Glycated haemoglobin levels are related to chronic subclinical inflammation in renal transplant recipients without pre-existing or new onset diabetes

Esteban Porrini1,2, Maribel Diaz Gomez3, Alejandra Alvarez1, Marian Cobo1, Jose Manuel Gonzalez-Posada1, Lourdes Perez1, Luis Hortal4, José J. García5, María Dolores Checa6, Adelaida Morales7, Domingo Hernández1 and Armando Torres1,2

1Research Unit, Hospital Universitario de Canarias, University of La Laguna, Tenerife, 2Instituto de Investigación Reina Sofía, 3Laboratory Section, Hospital Universitario de Canarias, La Laguna, 4Nephrology Section, Hospital Universitario Doctor Negrin, Las Palmas de Gran Canaria, 5Nephrology Section, Hospital Nuestra Señora de La Candelaria, Tenerife, 6Nephrology Section, Hospital Universitario Insular, Las Palmas de Gran Canaria and 7Hospital General de Lanzarote, Lanzarote, Spain

Correspondence and offprint requests to: Armando Torres, Nephrology Section and Research Unit, Hospital Universitario de Canarias, Ofra S/N, 38320, La Laguna, Tenerife, Spain. Email: atorres{at}ull.es



   Abstract
 Top
 Abstract
 Introduction
 Subjects and methods
 Results
 Discussion
 Acknowledgements
 References
 
Background. C-reactive protein (CRP), a marker of chronic subclinical inflammation (CSI), is related to cardiovascular mortality in the general and renal transplant populations. In the general population, high CRP levels are associated with pre-diabetic glucose homeostasis alterations which may contribute to the proatherogenic effect of CSI.

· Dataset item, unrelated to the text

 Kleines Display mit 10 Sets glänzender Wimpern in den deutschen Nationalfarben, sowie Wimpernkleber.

Methods. We studied 134 consecutive renal transplant recipients without pre-existing or new onset diabetes. CRP, oral glucose tolerance test, insulin sensitivity and HbA1c were measured.

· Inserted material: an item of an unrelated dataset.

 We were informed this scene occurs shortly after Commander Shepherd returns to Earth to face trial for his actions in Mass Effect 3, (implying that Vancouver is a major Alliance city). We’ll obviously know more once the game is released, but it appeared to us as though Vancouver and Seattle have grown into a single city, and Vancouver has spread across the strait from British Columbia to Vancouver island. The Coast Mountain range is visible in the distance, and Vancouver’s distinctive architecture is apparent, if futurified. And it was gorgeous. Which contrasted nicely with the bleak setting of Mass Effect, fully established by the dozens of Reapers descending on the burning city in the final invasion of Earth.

Results. Among CRP tertiles, fasting glucose and glucose after 120 min were not different. However, HbA1c was higher (4.9 ± 0.6; 5.2 ± 0.5; 5.4 ± 0.5; P = 0.005] and insulin sensitivity lower (McAuley index: 7.2 ± 2; 6.8 ± 2; 6.2 ± 1.3; P = 0.042) in the third CRP tertile. In addition, HDL-cholesterol was lower and triglycerides and body mass index (BMI) higher in the third tertile. Consequently, metabolic syndrome was more prevalent in the upper CRP tertiles [11 (25%); 19 (43%); 22 (50%); P = 0.01). In multivariate analyses, HbA1c was related to higher CRP levels (standardized ß coefficient = 0.21, P = 0.013), independently of BMI (standardized ß coefficient = 0.24, P = 0.005) and triglycerides (standardized ß coefficient = 0.18; P = 0.03).

Conclusions. Subclinical glucose homeostasis alterations are related to chronic inflammation in renal transplant recipients without pre-existing or new onset diabetes and may contribute to their high cardiovascular mortality.

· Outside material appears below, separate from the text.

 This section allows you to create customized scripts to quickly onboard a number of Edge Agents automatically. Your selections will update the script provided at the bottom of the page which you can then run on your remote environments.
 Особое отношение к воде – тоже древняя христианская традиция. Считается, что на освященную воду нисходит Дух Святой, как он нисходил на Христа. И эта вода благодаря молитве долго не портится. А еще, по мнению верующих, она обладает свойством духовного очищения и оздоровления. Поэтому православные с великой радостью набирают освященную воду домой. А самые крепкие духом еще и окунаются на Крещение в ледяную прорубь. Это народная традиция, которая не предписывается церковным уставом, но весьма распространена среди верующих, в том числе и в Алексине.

Keywords: chronic subclinical inflammation; glycated haemoglobin; insulin resistance; new onset diabetes after transplantation (NODAT)



   Introduction
 Top
 Abstract
 Introduction
 Subjects and methods
 Results
 Discussion
 Acknowledgements
 References
 
C-reactive protein (CRP), a reliable marker of chronic subclinical inflammation (CSI), is independently related to cardiovascular mortality in the general population [1] and in stage 3 and 4 chronic kidney disease [2]. Interestingly, pre-diabetic glucose homeostasis alterations are associated with CSI. First, individuals with insulin resistance and metabolic syndrome (MS) show high CRP levels [3,4]. In addition, CRP levels independently predict the future development of type 2 diabetes in population-based studies [5,6]. Finally, increasing HbA1c in non-diabetic individuals is related to higher CRP levels [7]. Thus, associated glucose homeostasis alterations may, at least in part, explain the proatherogenic effect of CSI.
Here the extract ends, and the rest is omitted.